EXERCISE:
The records must be returned word for word.

(SUPPLIED DATA begins)

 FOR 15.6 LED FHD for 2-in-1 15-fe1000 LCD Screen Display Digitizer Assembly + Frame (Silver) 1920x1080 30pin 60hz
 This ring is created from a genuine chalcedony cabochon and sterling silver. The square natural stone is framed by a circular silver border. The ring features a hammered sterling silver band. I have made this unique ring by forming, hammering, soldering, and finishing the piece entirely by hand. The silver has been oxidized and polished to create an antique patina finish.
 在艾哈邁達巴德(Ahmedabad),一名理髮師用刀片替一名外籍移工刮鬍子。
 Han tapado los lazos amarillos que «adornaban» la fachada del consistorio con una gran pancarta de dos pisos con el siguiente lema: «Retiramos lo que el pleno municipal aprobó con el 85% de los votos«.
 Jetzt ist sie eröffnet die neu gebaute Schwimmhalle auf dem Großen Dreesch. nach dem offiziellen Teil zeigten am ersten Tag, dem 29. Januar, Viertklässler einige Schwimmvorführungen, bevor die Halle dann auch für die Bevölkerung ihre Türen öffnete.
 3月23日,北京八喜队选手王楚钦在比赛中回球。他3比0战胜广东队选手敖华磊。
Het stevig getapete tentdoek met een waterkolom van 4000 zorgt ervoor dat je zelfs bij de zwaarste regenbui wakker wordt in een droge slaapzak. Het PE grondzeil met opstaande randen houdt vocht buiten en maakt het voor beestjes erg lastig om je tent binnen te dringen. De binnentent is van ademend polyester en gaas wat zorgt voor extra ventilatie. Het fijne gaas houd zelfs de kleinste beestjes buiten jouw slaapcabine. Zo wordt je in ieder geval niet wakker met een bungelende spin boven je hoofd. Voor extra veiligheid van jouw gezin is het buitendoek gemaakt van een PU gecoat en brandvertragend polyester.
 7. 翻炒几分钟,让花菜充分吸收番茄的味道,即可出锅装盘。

(SUPPLIED DATA ends)

ANSWER FOR THIS EXERCISE:
 FOR 15.6 LED FHD for 2-in-1 15-fe1000 LCD Screen Display Digitizer Assembly + Frame (Silver) 1920x1080 30pin 60hz
 This ring is created from a genuine chalcedony cabochon and sterling silver. The square natural stone is framed by a circular silver border. The ring features a hammered sterling silver band. I have made this unique ring by forming, hammering, soldering, and finishing the piece entirely by hand. The silver has been oxidized and polished to create an antique patina finish.
 在艾哈邁達巴德(Ahmedabad),一名理髮師用刀片替一名外籍移工刮鬍子。
 Han tapado los lazos amarillos que «adornaban» la fachada del consistorio con una gran pancarta de dos pisos con el siguiente lema: «Retiramos lo que el pleno municipal aprobó con el 85% de los votos«.
 Jetzt ist sie eröffnet die neu gebaute Schwimmhalle auf dem Großen Dreesch. nach dem offiziellen Teil zeigten am ersten Tag, dem 29. Januar, Viertklässler einige Schwimmvorführungen, bevor die Halle dann auch für die Bevölkerung ihre Türen öffnete.
 3月23日,北京八喜队选手王楚钦在比赛中回球。他3比0战胜广东队选手敖华磊。
Het stevig getapete tentdoek met een waterkolom van 4000 zorgt ervoor dat je zelfs bij de zwaarste regenbui wakker wordt in een droge slaapzak. Het PE grondzeil met opstaande randen houdt vocht buiten en maakt het voor beestjes erg lastig om je tent binnen te dringen. De binnentent is van ademend polyester en gaas wat zorgt voor extra ventilatie. Het fijne gaas houd zelfs de kleinste beestjes buiten jouw slaapcabine. Zo wordt je in ieder geval niet wakker met een bungelende spin boven je hoofd. Voor extra veiligheid van jouw gezin is het buitendoek gemaakt van een PU gecoat en brandvertragend polyester.
 7. 翻炒几分钟,让花菜充分吸收番茄的味道,即可出锅装盘。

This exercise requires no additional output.